Same reason. The rlib output is needed so the wzp-desktop binary target can link against the library; cdylib is needed for Android's System.loadLibrary; staticlib would reintroduce the symbol-leak bug.

3. Oboe audio config

Usage::VoiceCommunication + Java-side MODE_IN_COMMUNICATION. Never call setAudioApi(AAudio) explicitly — on some devices (Nothing Phone in particular) it causes Oboe to open the wrong stream type and audio goes silent. Let Oboe pick the audio API automatically. This is documented in the auto-memory project_tauri_android_audio.md.

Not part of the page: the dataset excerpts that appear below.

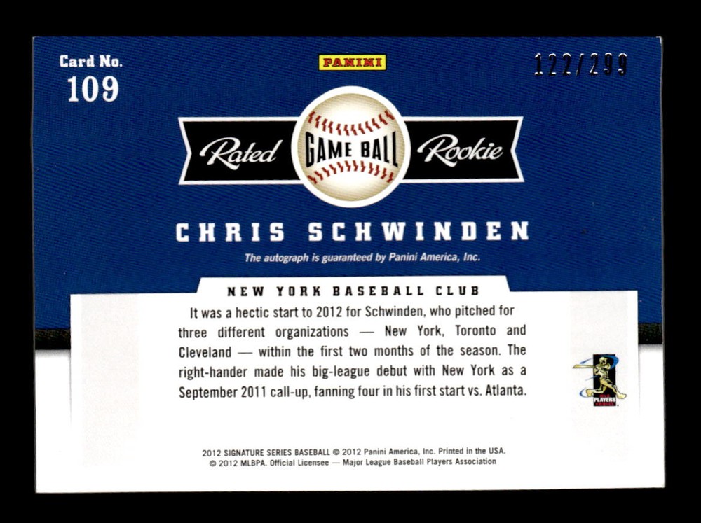 2012 Panini Signature Series Chris Schwinden Rookies Game Ball Autograph /299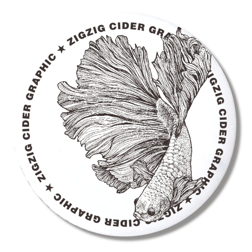 ベタのイラストの缶バッジ44mmです!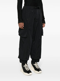 cargo trousers Highlights - Black - Twill weave - Belt loops - Keyhole detail - Two side slit pockets - Decorative button detailing - Two side cargo pockets - Wide leg - Full-length - Layered elasticated hem - Adjustable press-stud fastening to the hem - Two rear welt pockets - Elasticated waistband - Concealed front zip fastening - Front press-stud fastening - Belted waist Imported Composition Recycled Polyester 100% SIZE & FIT Model measurements Height 6 ft 2 in(1.87 m) Bust/Chest 36.22 in(92 cm) Hips 37 in(94 cm) Waist 27.95 in(71 cm) Washing instructions Machine Wash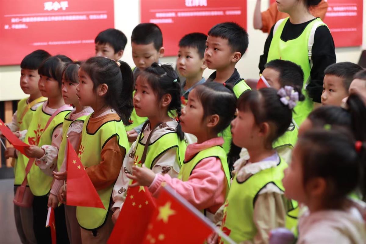 在将军厅,从电影《闪闪红星》讲起,讲解员又唱起了主题曲《闪闪的红星》,小朋友们随着歌曲的节奏挥舞起手中的国旗。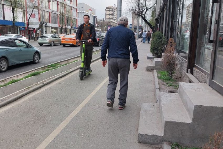 Изначально тротуары не рассчитывали на нынешнее количество жителей. Их спроектировали в советское время, когда население столицы было гораздо меньше. В итоге тесные пространства еще и поделили между пешеходами и любителями самокатов, велосипедов и мопедов. Это создает постоянные конфликты. Как говорят бишкекчане, «у пешеходов просто украли законную часть и без того небольшого тротуара».

4. Speaker/earpiece toggle uses tokio::task::spawn_blocking

Oboe's stop() + start() cycle is synchronous and can block for 50200 ms. Calling it on the tokio executor stalls every other async task (including the QUIC datagram loop), dropping audio packets. Wrapping the toggle in spawn_blocking isolates it to a dedicated thread pool. Fixed in commit 76a4c53.

Build pipeline

Docker on SepehrHomeserverdk, same pattern as the Android legacy pipeline and the Windows pipeline:

./scripts/build-tauri-android.sh         # Full: pull + build + ntfy + rustypaste
./scripts/build-tauri-android.sh --pull  # Explicit git pull (default)
./scripts/build-tauri-android.sh --clean # Blow away the Rust target cache

Image: wzp-android-builder (shared with the legacy Kotlin pipeline). The Dockerfile was extended to install Node.js 20 LTS, Android API level 36, build-tools 35.0.0, tauri-cli 2.x, and all four Android Rust targets on top of the legacy NDK 26.1 + cargo-ndk + Gradle setup. Both pipelines coexist in the same image.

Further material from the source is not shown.